[Available data]
===
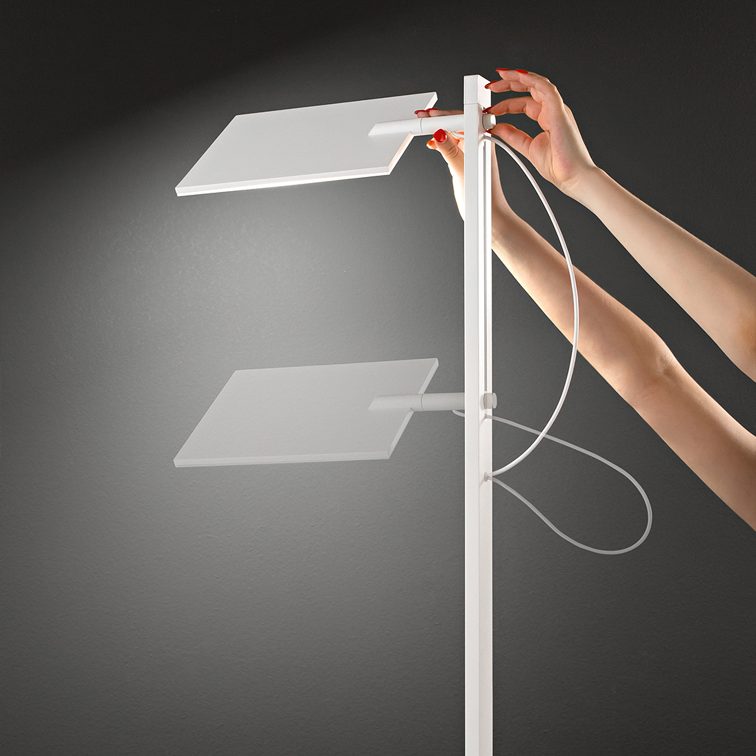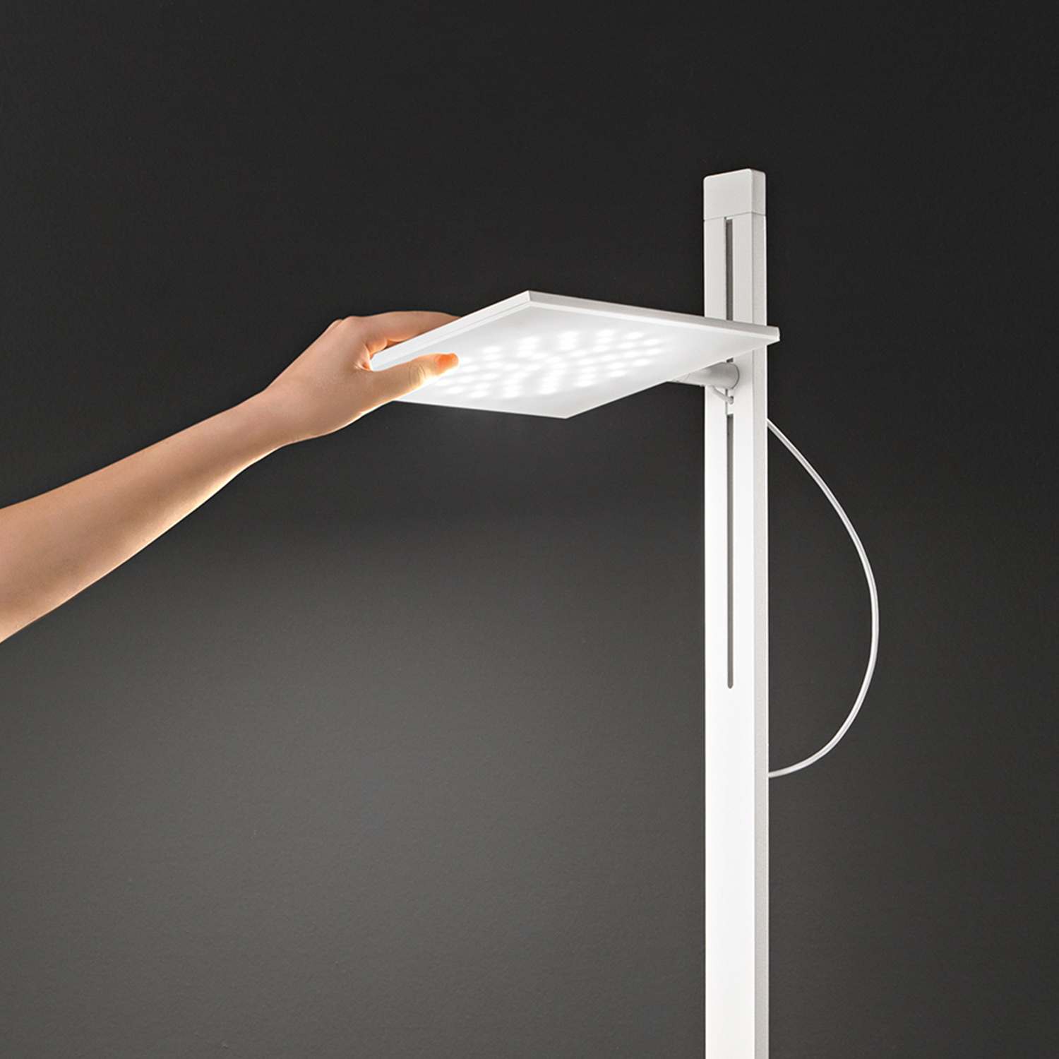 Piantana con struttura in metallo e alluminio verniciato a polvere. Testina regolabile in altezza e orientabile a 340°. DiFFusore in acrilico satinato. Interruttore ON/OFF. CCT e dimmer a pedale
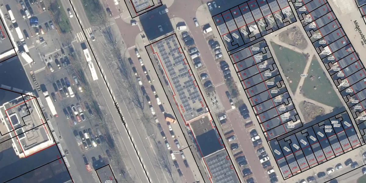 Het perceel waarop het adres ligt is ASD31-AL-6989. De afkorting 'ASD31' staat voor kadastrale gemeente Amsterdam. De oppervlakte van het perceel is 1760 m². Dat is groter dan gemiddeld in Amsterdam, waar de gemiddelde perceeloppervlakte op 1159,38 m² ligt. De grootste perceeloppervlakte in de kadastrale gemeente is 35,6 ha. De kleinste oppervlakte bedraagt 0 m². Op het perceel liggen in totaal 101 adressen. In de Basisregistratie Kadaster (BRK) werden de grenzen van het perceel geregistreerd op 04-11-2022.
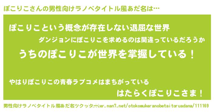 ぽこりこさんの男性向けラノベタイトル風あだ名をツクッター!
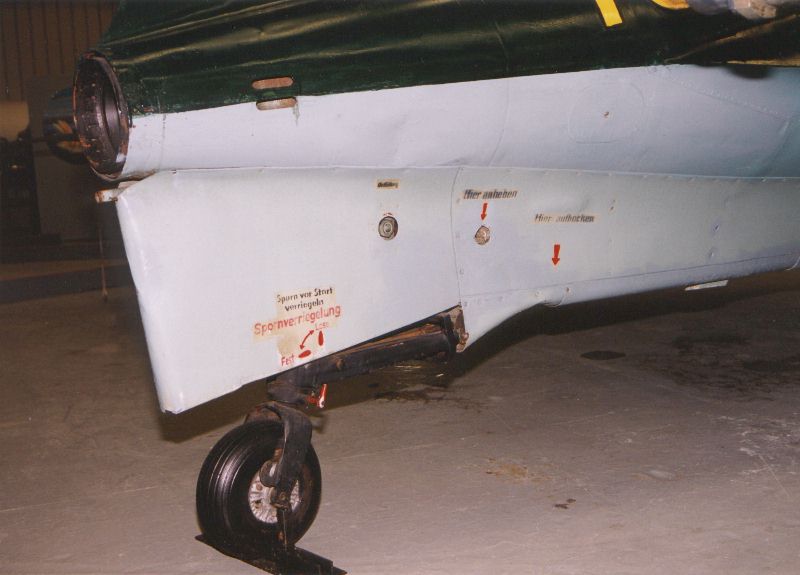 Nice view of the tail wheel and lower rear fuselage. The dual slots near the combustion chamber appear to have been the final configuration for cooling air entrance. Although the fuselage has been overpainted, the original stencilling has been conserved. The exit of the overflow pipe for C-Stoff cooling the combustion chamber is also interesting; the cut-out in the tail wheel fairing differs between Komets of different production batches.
===
[Instructions for the task]
When you copy the data, keep every line exact and drop the pictures.

[Completed exercise]
 Piantana con struttura in metallo e alluminio verniciato a polvere. Testina regolabile in altezza e orientabile a 340°. DiFFusore in acrilico satinato. Interruttore ON/OFF. CCT e dimmer a pedale
 Het perceel waarop het adres ligt is ASD31-AL-6989. De afkorting 'ASD31' staat voor kadastrale gemeente Amsterdam. De oppervlakte van het perceel is 1760 m². Dat is groter dan gemiddeld in Amsterdam, waar de gemiddelde perceeloppervlakte op 1159,38 m² ligt. De grootste perceeloppervlakte in de kadastrale gemeente is 35,6 ha. De kleinste oppervlakte bedraagt 0 m². Op het perceel liggen in totaal 101 adressen. In de Basisregistratie Kadaster (BRK) werden de grenzen van het perceel geregistreerd op 04-11-2022.
 ぽこりこさんの男性向けラノベタイトル風あだ名をツクッター!
 Nice view of the tail wheel and lower rear fuselage. The dual slots near the combustion chamber appear to have been the final configuration for cooling air entrance. Although the fuselage has been overpainted, the original stencilling has been conserved. The exit of the overflow pipe for C-Stoff cooling the combustion chamber is also interesting; the cut-out in the tail wheel fairing differs between Komets of different production batches.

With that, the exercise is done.